The main instigator of this anti-Meredith campaign is Amy (Rachel McAdams), Everett’s youngest sister, a very angry young woman who has met Meredith before. Only his laid-back brother Ben (Luke Williams) seems to have any sympathy for the unwelcome guest – perhaps too much, as it turns out.
The situation becomes almost unbearable for Meredith, so she calls for reinforcements. She asks her sister Julie (Claire Danes) to come to her aid. After Julie arrives, romantic complications develop rather quickly. Actually, much too quickly to be believable. In one scene, Julie and Everett carry on a totally unconvincing conversation about a totem pole while walking together searching for Meredith. This little talk is supposed to clue us in on their strong attraction to each other, but I sensed no chemistry between the usually fine actors playing these two characters.
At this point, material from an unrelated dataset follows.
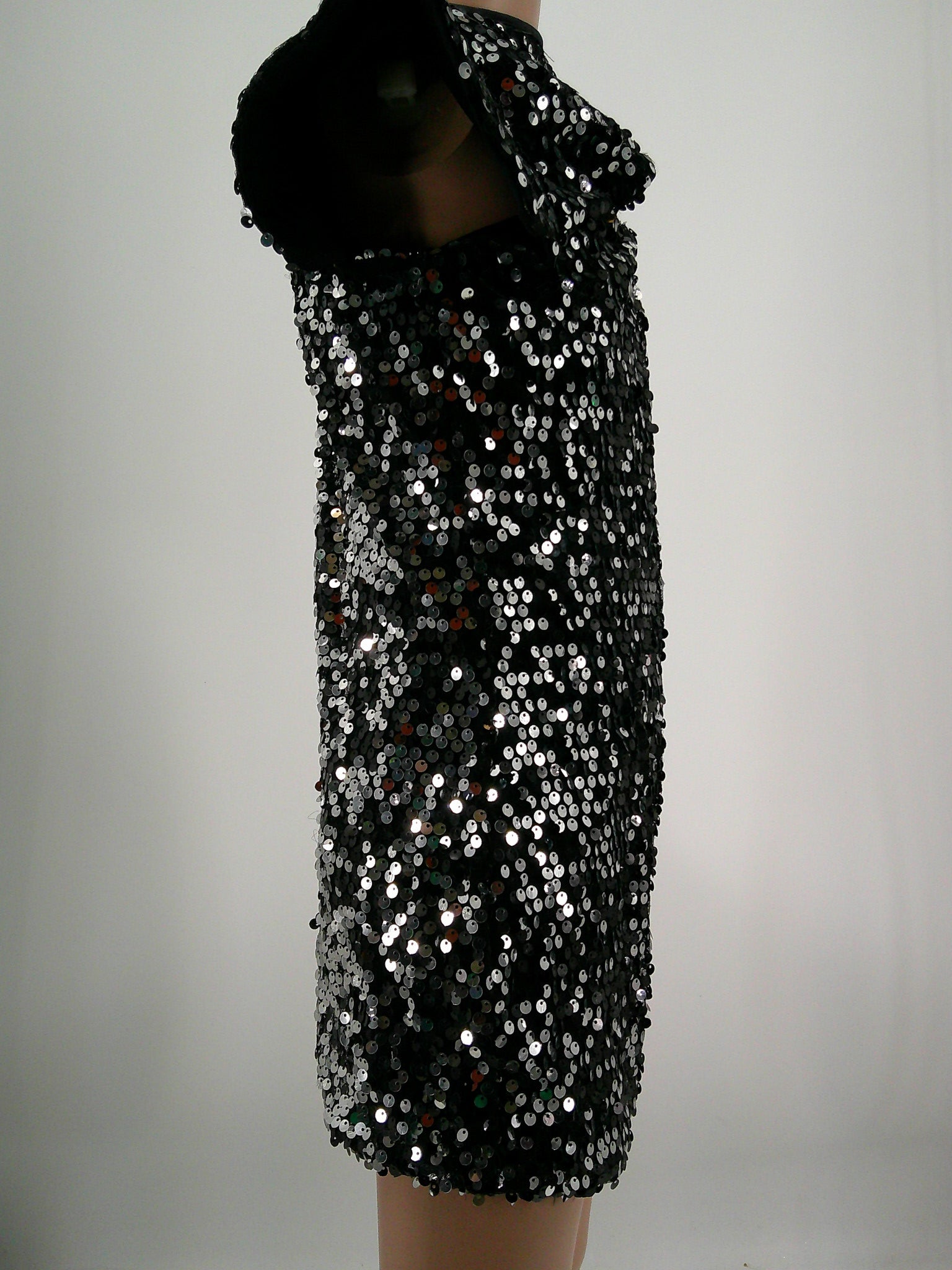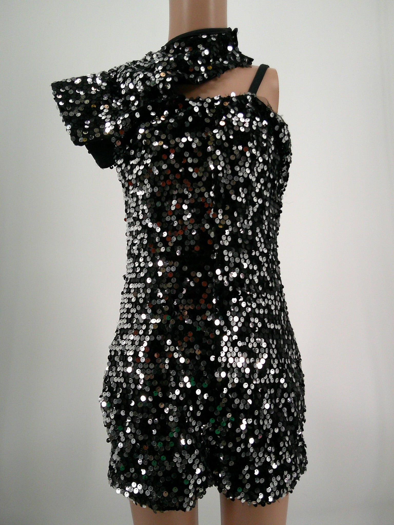 Silver and black sequin Romper with the right shoulder short sleeve connected to a mock neck and the left shoulder strap

Writer/director Thomas Bezucha (Big Eden) turns The Family Stone into a combined tearjerker/slapstick comedy with only limited success. The serious illness of one character casts a pall over the holiday get-together, and the film’s silly pratfalls failed to cheer me up. However, I loved the tenderness expressed between Diane Keaton’s character and her husband (Craig T. Nelson) in their few scenes together. Luke Wilson also impressed me with his appealing, sensitive performance. He plays the most sympathetic character in this large ensemble cast. And, while doing an excellent job in a very difficult role, Sarah Jessica Parker comes across so annoying I almost sided with the Stones in their judgment about Meredith -- which probably proves that Parker deserves her recent Golden Globe nomination for this performance.
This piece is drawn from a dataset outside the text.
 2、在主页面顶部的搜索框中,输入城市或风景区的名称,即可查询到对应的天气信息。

Although The Family Stone can’t match Home for the Holidays and Stuart Saves His Family in their entertaining presentation of similar themes, it serves as another reminder to be more tolerant of each other, and that’s an appropriate message for the holidays -- or for any time of the year.
(Released by Fox 2000 Pictures and rated “PG-13” for some sexual content including dialogue and drug references.)